Considérés sous cet angle historique, les sommets de haut niveau sont extrêmement rares, et ceux qui produisent des changements fondamentaux le sont encore plus. La tradition de deux dirigeants parlant au nom de l'ensemble du système mondial est un produit de la Guerre froide, lorsque Moscou et Washington étaient seuls capables de détruire ou de sauver le monde.

Même si les empereurs romains et chinois s'étaient rencontrés au IIIe siècle, cela n'aurait pas transformé le destin du monde. Les grands empires de l'Antiquité n'auraient pas pu conquérir la planète en une seule guerre. La Russie - comme l'URSS avant elle - et les États-Unis le peuvent. Ces trois dernières années, ils se sont souvent retrouvés au bord d'un abîme sans retour. C'est pourquoi l'Alaska est important, même s'il ne permet pas de percée décisive.

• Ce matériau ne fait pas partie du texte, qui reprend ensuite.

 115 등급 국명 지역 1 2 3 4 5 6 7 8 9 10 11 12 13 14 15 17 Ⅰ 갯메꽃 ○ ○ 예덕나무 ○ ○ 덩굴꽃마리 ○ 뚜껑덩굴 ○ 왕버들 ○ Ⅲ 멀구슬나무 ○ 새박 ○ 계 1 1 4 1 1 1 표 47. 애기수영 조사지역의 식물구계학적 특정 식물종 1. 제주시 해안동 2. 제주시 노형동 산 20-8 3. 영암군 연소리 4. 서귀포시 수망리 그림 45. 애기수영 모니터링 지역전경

De tels sommets sont une création de l'ère nucléaire. Ils ne peuvent être considérés comme une simple réunion bilatérale entre États importants. Le simple fait de tenir des négociations directes permet de mesurer notre proximité avec la catastrophe.

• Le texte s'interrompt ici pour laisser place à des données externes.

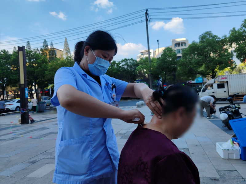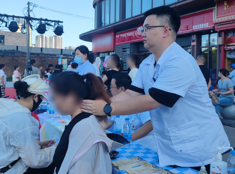 “阿姨,您肩颈这里有点僵硬,我帮您推拿放松放松。”康复医学科潘基伟医师一边说,一边以精准的力度在居民李女士的肩颈穴位上揉按,随着指节起伏,李女士原本紧皱的眉头渐渐舒展,连连称赞手法专业。

Les États-Unis arriveront au sommet en tant que chef de file d'un bloc occidental dont les membres - même des puissances nucléaires comme la Grande-Bretagne et la France - s'en remettent à Washington sur les questions stratégiques. La Russie, quant à elle, sera surveillée de près par ce que l'on appelle souvent la «majorité mondiale» : des dizaines d'États d'Asie, d'Afrique et d'Amérique latine qui s'opposent à la domination occidentale mais ne peuvent la renverser seuls. Ces pays savent que la médiation américaine dans les conflits locaux ne changera rien au fait que la structure de cette domination demeure injuste.

L'Alaska pourrait-elle jeter les bases d'un nouvel ordre international ? Probablement pas. Le concept même d'«ordre» fixe est en voie de disparition. Tout ordre exige une puissance exécutive - et il n'en existe aucune aujourd'hui. Le monde évolue vers une plus grande fluidité, au grand dam de ceux qui aspirent à des arrangements clairs et à un avenir prévisible.

Même si un nouvel équilibre des pouvoirs émerge, il ne résultera pas d'une seule rencontre. Les sommets de Roosevelt, Churchill et Staline en temps de guerre ne constituent pas une comparaison équitable. Ils ont été précédés des batailles les plus destructrices de l'histoire de l'humanité.

Heureusement, nous ne nous trouvons pas dans cette situation aujourd'hui. L'issue probable en Alaska marque le début d'un processus long et difficile, plutôt qu'un règlement immédiat. Mais elle n'en demeure pas moins fondamentale. Dans le monde actuel, seuls deux États possèdent de vastes arsenaux nucléaires capables de mettre fin à la civilisation humaine.

Cela signifie que les dirigeants de la Russie et des États-Unis n'ont pas de devoir plus important que de se parler directement - surtout alors qu'ils sont, pour l'instant, les seules puissances invincibles aux confins du monde.